ACTION ITEM:
Could you transcribe exactly the lines below, from the line with "Gourde Hydragel Andros" through the line with "2839486 Omari Hutchinson, do", and nothing else, leaving out the pictures?

LISTED ENTRIES:
• • • • •

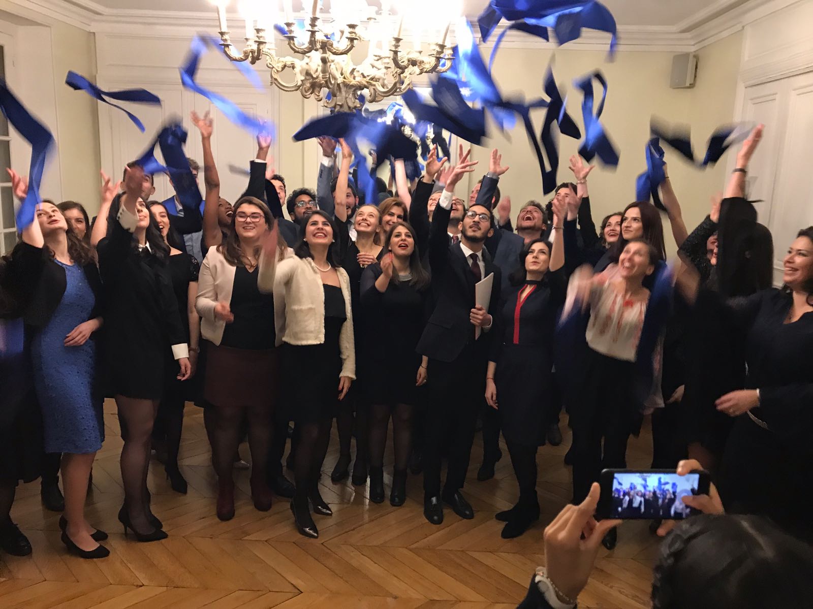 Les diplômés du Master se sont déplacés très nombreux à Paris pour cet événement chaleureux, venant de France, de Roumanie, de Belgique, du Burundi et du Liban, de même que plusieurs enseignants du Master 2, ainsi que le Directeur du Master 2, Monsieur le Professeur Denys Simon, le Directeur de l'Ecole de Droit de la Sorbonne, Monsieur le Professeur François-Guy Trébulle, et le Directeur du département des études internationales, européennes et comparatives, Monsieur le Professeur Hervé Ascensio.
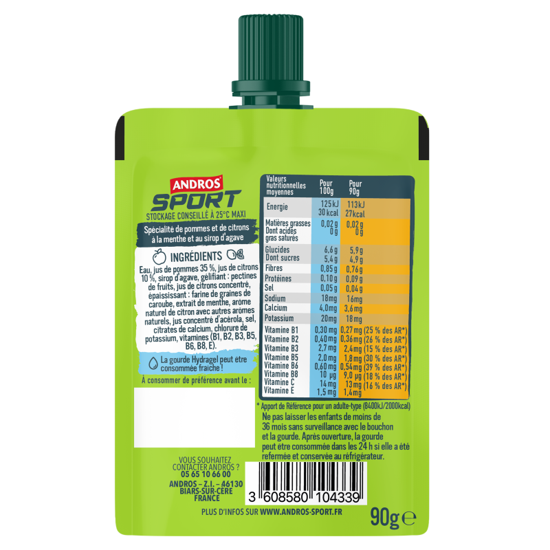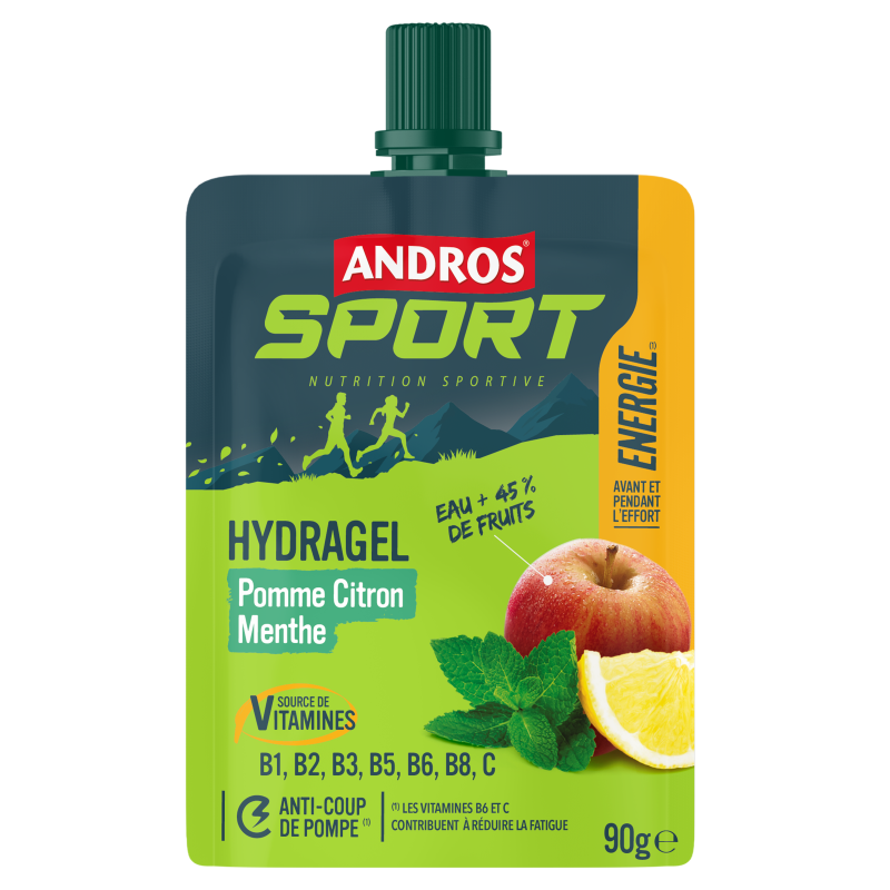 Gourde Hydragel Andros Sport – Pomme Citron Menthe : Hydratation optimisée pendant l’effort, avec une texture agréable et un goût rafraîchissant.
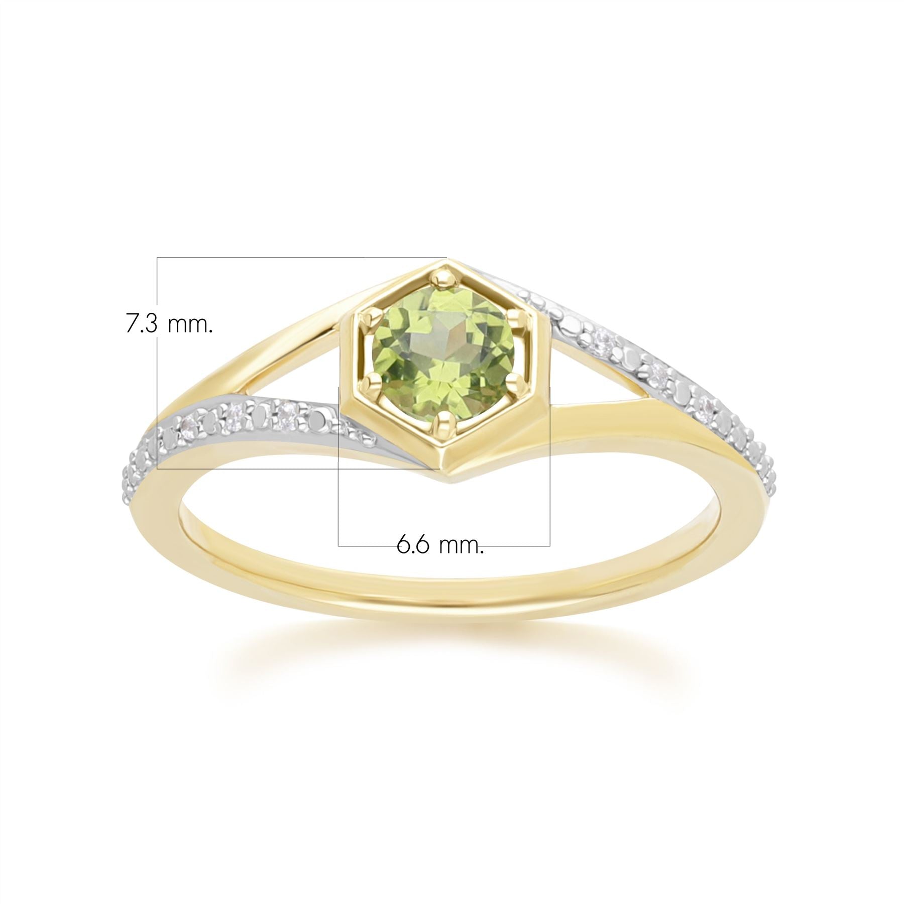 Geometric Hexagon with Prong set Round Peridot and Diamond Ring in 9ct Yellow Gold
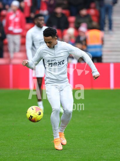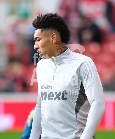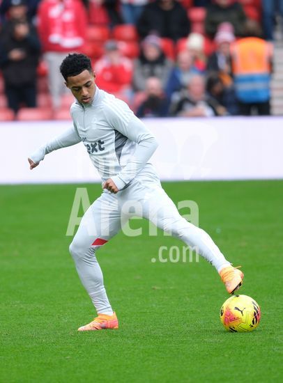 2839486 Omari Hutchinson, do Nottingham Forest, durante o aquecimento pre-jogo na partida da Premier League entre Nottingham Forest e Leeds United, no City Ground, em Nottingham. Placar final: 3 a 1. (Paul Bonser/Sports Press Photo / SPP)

• • • • •

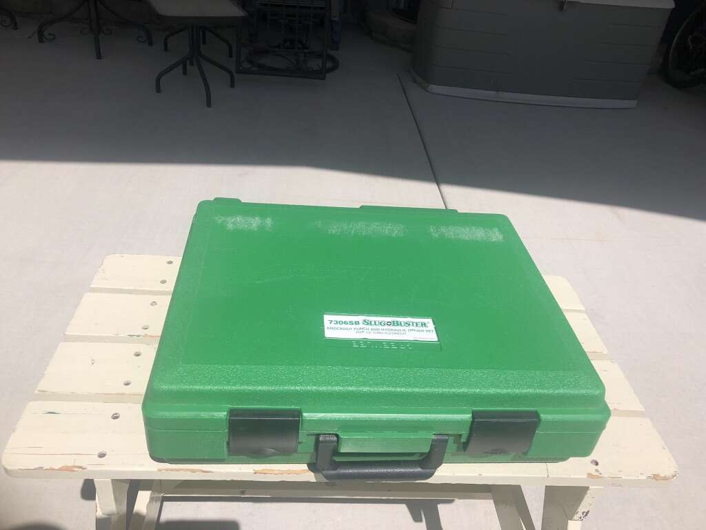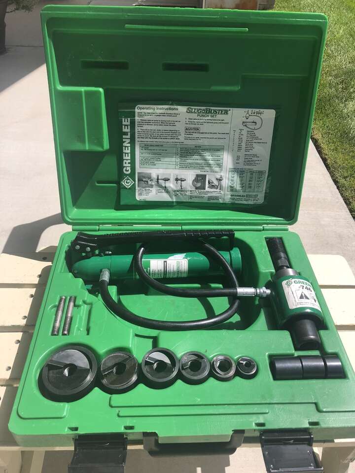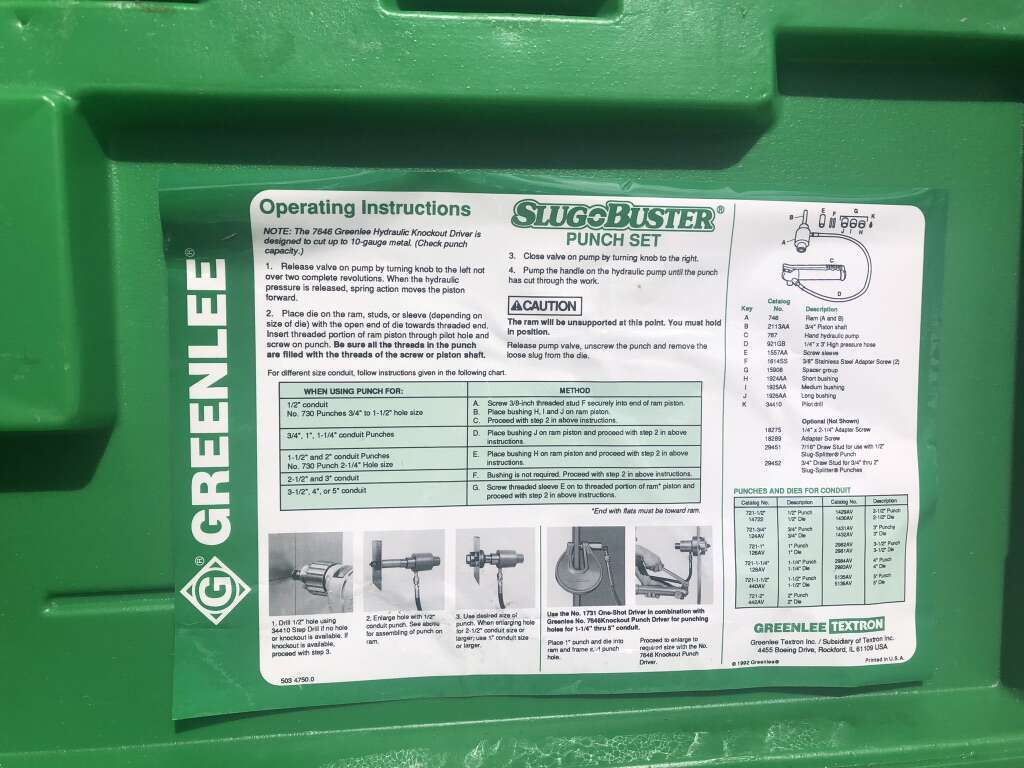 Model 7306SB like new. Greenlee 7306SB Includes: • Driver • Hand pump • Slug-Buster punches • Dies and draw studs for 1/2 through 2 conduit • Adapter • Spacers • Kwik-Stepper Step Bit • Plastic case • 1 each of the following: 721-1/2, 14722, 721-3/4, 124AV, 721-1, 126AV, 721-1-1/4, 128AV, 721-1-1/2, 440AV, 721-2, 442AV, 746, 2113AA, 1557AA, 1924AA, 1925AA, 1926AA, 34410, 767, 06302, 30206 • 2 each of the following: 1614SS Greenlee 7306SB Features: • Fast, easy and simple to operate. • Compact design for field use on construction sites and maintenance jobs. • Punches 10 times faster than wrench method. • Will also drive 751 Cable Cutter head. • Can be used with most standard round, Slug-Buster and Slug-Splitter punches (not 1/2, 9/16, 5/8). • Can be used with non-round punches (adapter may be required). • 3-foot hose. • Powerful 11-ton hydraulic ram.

• • • • •

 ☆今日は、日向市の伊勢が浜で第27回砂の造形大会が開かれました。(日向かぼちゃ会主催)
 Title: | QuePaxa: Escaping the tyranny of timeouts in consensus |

• • • • •

EXERCISE SOLUTION:
 Gourde Hydragel Andros Sport – Pomme Citron Menthe : Hydratation optimisée pendant l’effort, avec une texture agréable et un goût rafraîchissant.
 Geometric Hexagon with Prong set Round Peridot and Diamond Ring in 9ct Yellow Gold
 2839486 Omari Hutchinson, do Nottingham Forest, durante o aquecimento pre-jogo na partida da Premier League entre Nottingham Forest e Leeds United, no City Ground, em Nottingham. Placar final: 3 a 1. (Paul Bonser/Sports Press Photo / SPP)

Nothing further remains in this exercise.